Additionally, decide whether your corporation will be:
- Provincial: Incorporated on the provincial level. This is ideal if your business operates solely within Alberta. However, a provincially incorporated business can operate in other provinces if it registers as an extra-provincial corporation in those jurisdictions. Learn more here.
- Federal: Allows you to operate across Canada with a heightened name protection. However, this process is more complex and expensive.
Federal incorporation vs provincial incorporation
Federally incorporated businesses can operate anywhere within Canada, whereas extra-provincial registration may be required for provincially incorporated businesses who wish to conduct operations outside their home province. Click here to learn more about extra provincial registration.
Example: A locally-focused marketing agency might opt for a provincial incorporation, while a tech startup with national ambitions could consider federal incorporation for broader protection.
Step 3: File Articles of Incorporation
The Articles of Incorporation is a legal document that establishes your corporation and outlines its structure. When filing in Alberta, include:
- Name of the Corporation: Your approved business name or assigned number.
- Registered Office Address: A physical address in Alberta where legal documents can be delivered. A P.O. box won’t suffice.
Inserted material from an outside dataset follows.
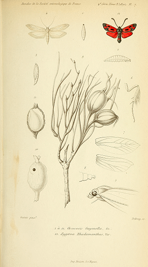 - Coutin, R. (1995): A propos d’une curieuse galle de tige de Limoniastrum provoqué par la chenille d’une Teigne (Lepidoptera, Tineidae). — Insectes, 97 (2): 11. [PDF auf insectes.xyz]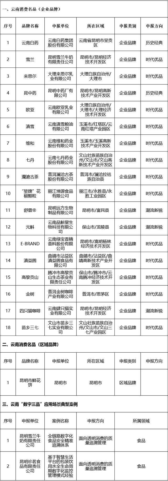 珠江网2025-11-06 15:35:34 附件:第二批云南消费名品方阵名录 云南省工业和信息化厅关于 第二批云南消费名品方阵名录的公示 根据《云南省工业和信息化厅关于开展2025年云南消费名品方阵申报工作的通知》(〔2025〕119 号),在企业申报和州市推荐基础上,经资料初审、综合审查、部门审核等工作程序,现将第二批云南 消费名品方阵名录予以公示,接受社会监督。 公示时间自2025年11月6日起至2025年11月12日止,共5个工作日。如有异议,请于公示期内向云南省工 业和信息化厅反映。 联系电话:厅直属机关纪委 0871-63512537 消费品工业处 0871-63513569 11月5日 云南省工业和信息化厅 发布关于第二批 云南消费名品方阵名录的公示 都有哪些品牌入选? 跟小布一起看 ↓↓ 云南省工业和信息化厅 2025年11月5日 资料:云南省工业和信息化厅 第二批云南消费名品方阵名录 来源:云南发布 | 序号 | 品牌名称 | 申报单位 | 所在区域 | 申报类别 | 申报方向 | | --- | --- | --- | --- | --- | --- | | 1 | 云南自药 | 云南白药 ...

- Share Structure: Define the classes of shares, their voting rights, dividends, and other characteristics. While most businesses start by issuing one or two classes of common shares, you’ll want to ensure that many more classes are established in your articles so that there are options down the road for restructuring.
- Board of Directors: Your corporation must have a board of directors responsible for making major business decisions and overseeing the company’s activities.
- Incorporator Information: The person or people responsible for incorporating the business.
Step 4: Submit Your Application
Once your Articles of Incorporation are ready, submit them along with the NUANS report and other required documents to an authorized Alberta registry office.
Where to Submit:
- Use an authorized Alberta registry agent. These agents can guide you through the process and ensure your documents meet all requirements.
Step 5: Obtain a Business Number and Register for Taxes
After incorporation, your next step is to register for a Business Number (BN) through the Canada Revenue Agency (CRA). The BN is a unique identifier for your business and is necessary for various tax accounts, such as:
- GST/HST: If your business earns more than $30,000 annually, you may be required to register for a GST/HST account. However, registering for this early isn’t a bad idea either.
- Payroll: If you plan to hire employees, you’ll need a payroll deductions account.
- Corporate Income Tax: All corporations must file annual income tax returns.
Step 6: Create Corporate Records
It is critical that you maintain accurate and up-to-date corporate records. Not only is it a legal requirement, but it also keeps your business organized and prepared for any future audits or legal matters.
Records to Maintain:
- Minute Book: Includes meeting minutes, resolutions, and share certificates.
- Bylaws: Rules governing the corporation’s management and internal affairs.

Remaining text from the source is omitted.